Ganuk, the polar bear cub, swims under water at the St-Felicien Wildlife Zoo in St-Felicien, Quebec November 30, 2010.
Ganuk, the polar bear cub, swims under water at the St-Felicien Wildlife Zoo in St-Felicien, Quebec November 30, 2010. Though polar bears are excellent swimmers, unusually longer swims can drain them out of energy leading to drowning and death. REUTERS/Mathieu Belanger

Blame climate change for the plight of polar bears. Shrinking sea ice due to global warming could be the cause forcing Polar bears to swim to distant lands looking for favorable denning areas, according to biologists.

As a female polar bear set longest swimming record for having swam continuously for nine days in the Arctic Ocean, north off Alaska, environmentalists raised concern over the deadly impact it brings.

Though polar bears are excellent swimmers, unusually longer swims can drain them out of energy leading to drowning and death.

According to a new study led by the U.S. Geological Survey, mother bears that are forced to swim greater distances put not only their cubs’ lives in danger, but also threaten their own health.

The record-breaking bear swam about 687 kilometers in the Beaufort Sea, where sea ice is melting, but her cub died in between, the researchers said, adding that they observed a loss of 22 percent of body weight in the mother bear after she reached the land, National Geographic News reported.

Such a long stretch of water in Arctic is itself a puzzling event that seldom occurred in the evolution history, and could be an alarming situation for polar bears, scientists proclaimed.

Long-distance swimming of many female bears has been reported since 2004. In some cases they swam as long as 12 days and longer than that, but with halts during their journey unlike the latest mother bear that swam non-stop for nine days, the researchers said.

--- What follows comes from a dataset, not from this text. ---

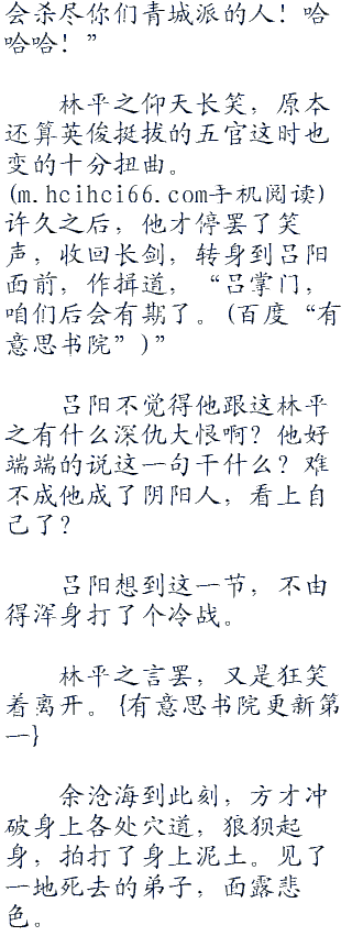 林平之阴冷笑道,“余沧海,没那么容易。今日我不杀你,我要你在等待死亡的恐惧之中,慢慢迎接死亡的到来!我会杀尽你们青城派的人!哈哈哈!”
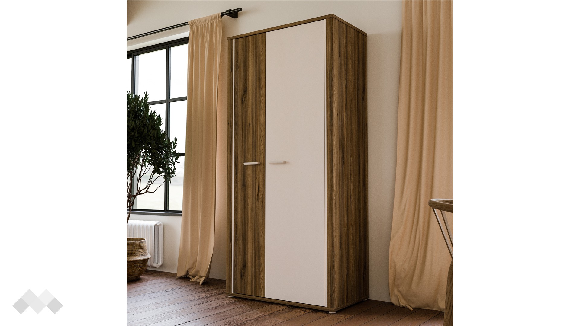 Двукрилен гардероб Дейлос е стилен и практичен избор за твоя дом – с функционално вътрешно разпределение, което осигурява максимално удобство и пространство за съхранение на дрехи и аксесоари. Гардеробът впечатлява със своя изчистен дизайн и ще се впише чудесно във всякакви интериорни стилове.

According to Alaska Science Center, the summer sea ice cover has declined by over half a million square miles over time. Polar bears are dependent on sea ice throughout their life cycle for food, and a depleting ice cover and longer ice-free seasons because of climate change can “directly affect the carrying capacity of the Arctic for polar bears.”

A study done between 1985 and 2005 by the Alaska Science Center revealed that “denning distribution changed in response to reductions in stable old ice, increases in unconsolidated ice, and lengthening of the melt season.”